People wearing face masks to protect against COVID-19 walk past the Eiffel Tower in Paris.

Several countries in Europe are reporting growing instances of fake COVID passes and vaccination certificates — an indication that the vaccine resistance that threatened earlier this year to upend governments’ anti-COVID strategies is far from over.

In France, the authorities said Monday that they had detected over 180,000 fake COVID passes since the measure was introduced this summer. And in Italy on Tuesday, the police in the Sicilian capital, Palermo, arrested a leader of an anti-vaccine movement and a nurse who is accused of accepting payments for pretend vaccinations.

Officials in France said Friday that soon only vaccinated people would be eligible for COVID passes, which are required for entry into restaurants, cafes and other public places. The news of the forgeries highlighted how vaccine resistance remains strong in parts of the country’s population.

Interior Minister Gerald Darmanin said this month that about 400 investigations had been opened into networks of people suspected of providing the fake passes, including some connected to health professionals.

The French news media recently reported several cases of doctors suspected of having sold fake COVID passes.

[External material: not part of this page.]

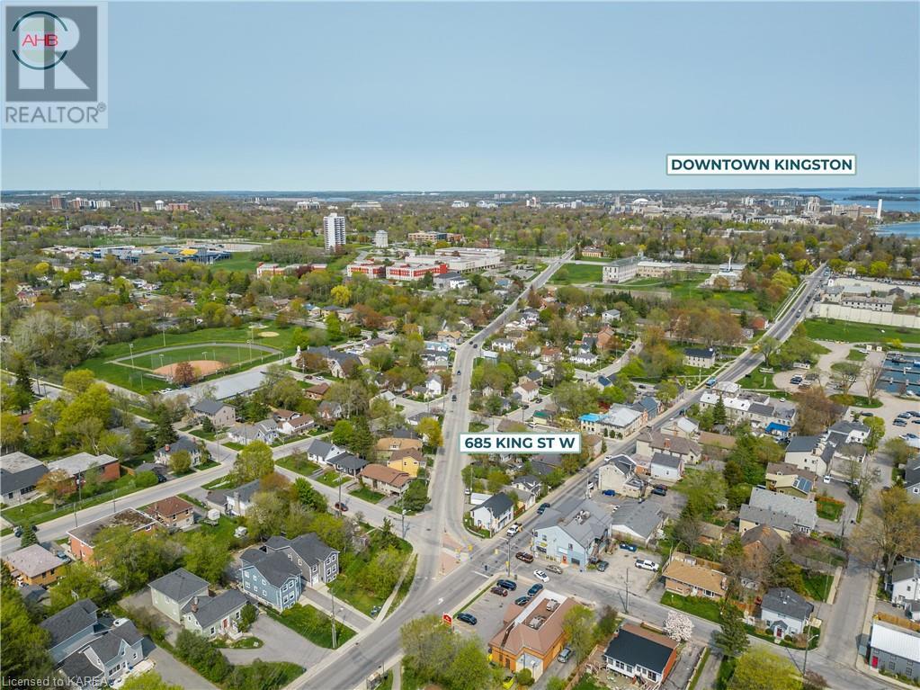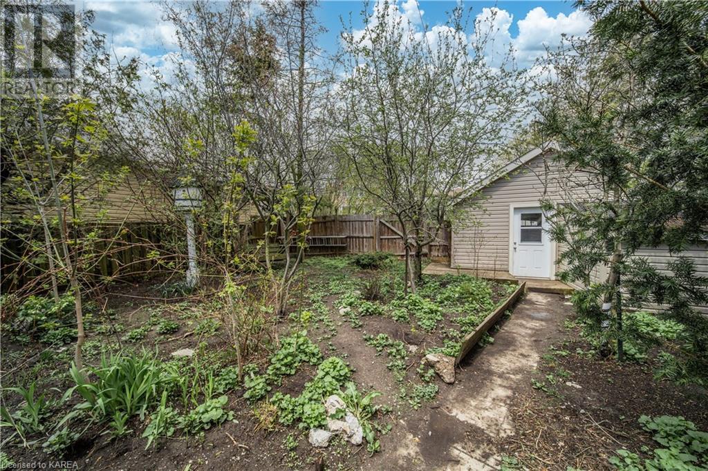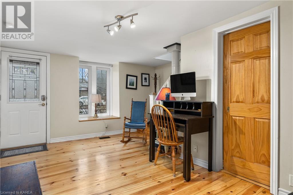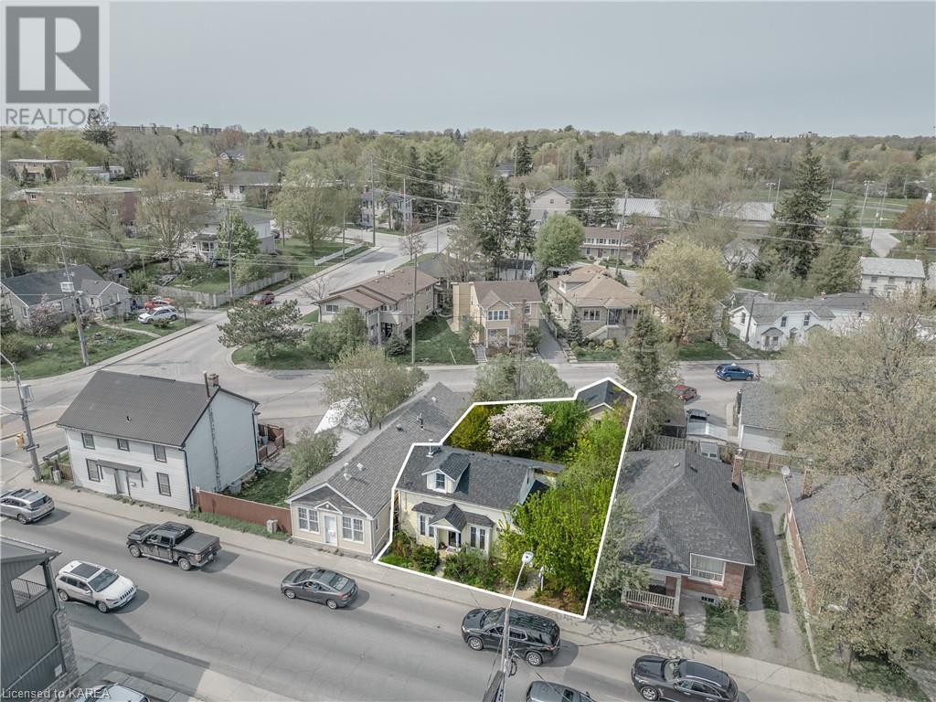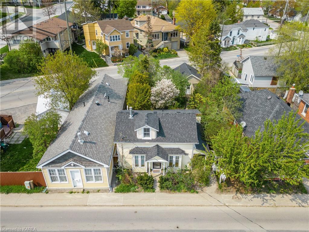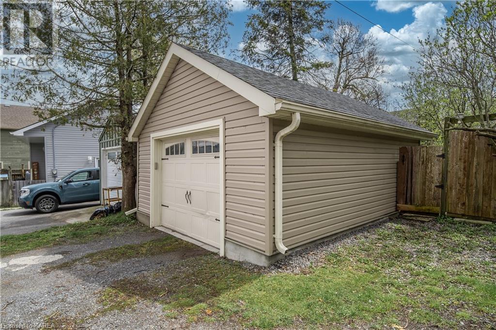 Welcome to 685 King St West - Kingston's Sunshine Cottage - 1078 sq ft of bright and spacious living with many updates throughout! This stunning 2 bedroom plus den, 1 bathroom detached home was built in 1871 and is located in the highly desirable Historic Portsmouth Village, just a short walk to Lake Ontario, Portsmouth Harbour and Queens West Campus. This is your chance to own a piece of history today. Enjoy the convenience of main floor laundry and a main floor bedroom with double wide closet complete with organizer. The living room features a freestanding gas fireplace and solid pine flooring runs throughout the entire home (Refinished 2023). The updated bathroom offers a walk in shower with glass sliding doors and laundry closet. An updated eat in kitchen boasts modern appliances and plenty of storage plus access to the side covered porch as well as back yard. The backyard can only be described as an oasis - fully fenced with a wooden swing, pear and apple trees, and beautifully landscaped gardens everywhere. A detached 1.5 car garage fronts on Union street, providing granny flat potential and there is parking for 2 additional cars outside of the garage. With many updates found here - refinished floors (2023), storm doors (2021), shingles (2020), furnace (2018), central air (2018), appliances (2018), hot water on demand (2018 - owned) - this property is sure to check all the boxes! Book your private viewing today! (id:22211)

The COVID death of a woman in a Paris regional hospital this month after she showed a fake vaccine certificate has also drawn scrutiny.

In Sicily, the police in Palermo said that a nurse had been paid 100 to 400 euros ($113 to $451) to pretend to inoculate people at a vaccination center so that they could obtain a Green Pass, a health document that is required in Italy to work and to participate in many social activities.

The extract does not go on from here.